The search for nearly two dozen people who disappeared after flash floods swept through a popular campground went from desperate to grim on Saturday, after teams that scoured kilometers of river and rugged wilderness found just two bodies.
The last time someone was found alive was on Friday morning, hours after a pre-dawn wall of water surprised sleeping campers at the Albert Pike Recreation Area, leaving them frantically trying to scramble up the steep terrain in the dark.
As the swollen rivers subsided and the hours ticked by on Saturday, anguished relatives waiting for word of loved ones grew more and more frustrated, lashing out at reporters, knowing that at some point the search mission would become one of recovery.
PHOTO: REUTERS
“They’re just devastated. The time for shock has probably gone and now it’s just anxiety building. They’re beginning to fear the worst,” said Graig Cowart, the pastor of the Pilgrim Rest Landmark Missionary Baptist Church.
At least six of the 18 people confirmed killed were young children, according to a list released by Arkansas Governor Mike Beebe’s office publicly identifying 15 of them. Among them were five people, including three children, from Gloster, Louisiana, as well as three others from that state and six from Texas. State police said on Saturday evening that there were 22 people missing.
About 200 searchers combed some 32km of wilderness along the receding rivers on Saturday. Crews on kayaks and canoes scanned the thick brush and debris in the swollen Caddo and Little Missouri rivers for bodies, but experts say many of those killed could be trapped under fallen trees and rocks and that the river water likely won’t be clear enough to see through for several days.

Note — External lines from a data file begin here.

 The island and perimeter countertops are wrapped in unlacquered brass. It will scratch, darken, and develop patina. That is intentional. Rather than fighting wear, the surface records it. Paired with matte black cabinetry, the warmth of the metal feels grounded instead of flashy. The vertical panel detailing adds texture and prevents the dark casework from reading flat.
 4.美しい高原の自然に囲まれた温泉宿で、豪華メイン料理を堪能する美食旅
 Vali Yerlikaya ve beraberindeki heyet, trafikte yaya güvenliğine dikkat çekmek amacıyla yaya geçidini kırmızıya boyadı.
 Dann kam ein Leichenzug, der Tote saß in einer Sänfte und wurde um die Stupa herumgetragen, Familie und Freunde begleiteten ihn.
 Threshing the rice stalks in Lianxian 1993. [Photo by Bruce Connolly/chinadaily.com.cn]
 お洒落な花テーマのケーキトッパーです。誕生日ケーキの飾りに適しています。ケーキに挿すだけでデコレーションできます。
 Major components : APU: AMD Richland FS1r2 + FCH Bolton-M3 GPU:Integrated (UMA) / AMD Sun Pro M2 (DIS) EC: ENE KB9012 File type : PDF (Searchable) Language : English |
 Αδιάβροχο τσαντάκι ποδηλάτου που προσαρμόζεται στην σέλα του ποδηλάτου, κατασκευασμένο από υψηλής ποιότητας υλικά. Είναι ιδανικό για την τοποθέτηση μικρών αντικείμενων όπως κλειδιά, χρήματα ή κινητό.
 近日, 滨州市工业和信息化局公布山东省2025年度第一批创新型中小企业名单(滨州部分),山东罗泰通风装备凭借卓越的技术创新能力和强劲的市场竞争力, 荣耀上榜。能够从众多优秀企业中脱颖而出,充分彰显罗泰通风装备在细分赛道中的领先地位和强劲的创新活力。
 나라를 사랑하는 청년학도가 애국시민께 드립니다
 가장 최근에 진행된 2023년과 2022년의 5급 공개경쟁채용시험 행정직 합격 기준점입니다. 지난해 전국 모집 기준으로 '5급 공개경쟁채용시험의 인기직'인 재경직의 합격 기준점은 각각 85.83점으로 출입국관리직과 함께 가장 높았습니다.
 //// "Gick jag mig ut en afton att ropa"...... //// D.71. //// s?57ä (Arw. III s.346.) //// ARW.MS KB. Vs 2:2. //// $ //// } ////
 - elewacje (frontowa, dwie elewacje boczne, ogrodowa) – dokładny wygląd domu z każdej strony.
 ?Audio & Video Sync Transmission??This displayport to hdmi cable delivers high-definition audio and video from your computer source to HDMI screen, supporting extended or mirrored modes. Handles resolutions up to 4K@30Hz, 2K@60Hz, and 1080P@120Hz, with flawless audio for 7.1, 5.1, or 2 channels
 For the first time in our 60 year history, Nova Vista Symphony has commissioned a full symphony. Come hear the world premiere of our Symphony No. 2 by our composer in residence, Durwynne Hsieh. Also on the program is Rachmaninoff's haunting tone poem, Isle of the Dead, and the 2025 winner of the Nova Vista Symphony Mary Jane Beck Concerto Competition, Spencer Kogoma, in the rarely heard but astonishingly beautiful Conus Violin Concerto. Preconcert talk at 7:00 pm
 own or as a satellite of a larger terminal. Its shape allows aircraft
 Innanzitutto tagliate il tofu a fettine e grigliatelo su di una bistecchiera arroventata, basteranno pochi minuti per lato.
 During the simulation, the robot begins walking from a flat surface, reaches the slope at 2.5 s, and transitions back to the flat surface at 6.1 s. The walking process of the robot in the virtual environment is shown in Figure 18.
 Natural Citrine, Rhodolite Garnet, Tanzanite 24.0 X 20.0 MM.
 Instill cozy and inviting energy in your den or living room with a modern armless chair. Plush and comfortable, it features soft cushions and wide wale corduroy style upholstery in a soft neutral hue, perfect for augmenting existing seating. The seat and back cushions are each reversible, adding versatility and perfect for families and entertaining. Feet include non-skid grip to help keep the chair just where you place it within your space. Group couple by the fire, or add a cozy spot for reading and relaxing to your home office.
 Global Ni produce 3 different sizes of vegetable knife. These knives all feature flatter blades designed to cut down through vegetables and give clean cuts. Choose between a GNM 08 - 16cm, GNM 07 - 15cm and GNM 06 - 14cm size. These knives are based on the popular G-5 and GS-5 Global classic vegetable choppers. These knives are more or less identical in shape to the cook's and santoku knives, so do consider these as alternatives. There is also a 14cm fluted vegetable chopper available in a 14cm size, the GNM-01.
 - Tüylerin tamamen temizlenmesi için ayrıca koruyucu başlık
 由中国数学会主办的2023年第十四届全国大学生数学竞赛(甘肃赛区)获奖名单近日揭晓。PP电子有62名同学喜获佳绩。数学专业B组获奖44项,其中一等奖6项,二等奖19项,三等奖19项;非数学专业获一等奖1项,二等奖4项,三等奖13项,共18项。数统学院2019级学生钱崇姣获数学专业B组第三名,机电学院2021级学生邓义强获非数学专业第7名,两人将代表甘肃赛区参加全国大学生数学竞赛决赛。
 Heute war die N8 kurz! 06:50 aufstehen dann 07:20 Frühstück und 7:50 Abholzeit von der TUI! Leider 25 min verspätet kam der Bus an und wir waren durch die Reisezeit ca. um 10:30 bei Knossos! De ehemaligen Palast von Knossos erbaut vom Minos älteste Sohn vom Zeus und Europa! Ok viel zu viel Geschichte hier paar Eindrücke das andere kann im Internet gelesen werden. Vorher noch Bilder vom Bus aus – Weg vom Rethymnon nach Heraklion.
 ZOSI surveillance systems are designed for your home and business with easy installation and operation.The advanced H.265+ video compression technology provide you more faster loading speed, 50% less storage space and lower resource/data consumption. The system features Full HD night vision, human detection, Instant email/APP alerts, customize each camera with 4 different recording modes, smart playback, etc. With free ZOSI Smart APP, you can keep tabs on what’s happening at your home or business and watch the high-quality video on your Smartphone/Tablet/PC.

Others rode out on horseback and all-terrain vehicles to scan the heavily wooded area and rocky crags along the rivers, where debris hung as high as 8m up in tree branches. Cellphone service and visibility from the air in the heavily wooded area are very poor, hampering search efforts. Portable cell towers were dispatched to the area in the hope that stranded survivors would be able to call for help.
Police haven’t said when they would call off the search efforts and crews were expected to break once night fell and to resume at daybreak yesterday.
Authorities initially feared there were many more people unaccounted for. A register that would have showed who was staying at the campground was washed away in the flood, and a call center fielded inquiries about 73 people who hadn’t been accounted for as of Friday night.
Floodwaters rose as swiftly as 2.4m per hour, poring through the remote valley with such force that it peeled asphalt from roads and bark off trees. Cabins dotting the riverbanks were severely damaged and mobile homes lay on their sides.
Forecasters had warned of the approaching danger in the area during the night, but campers could easily have missed those advisories because the area is isolated.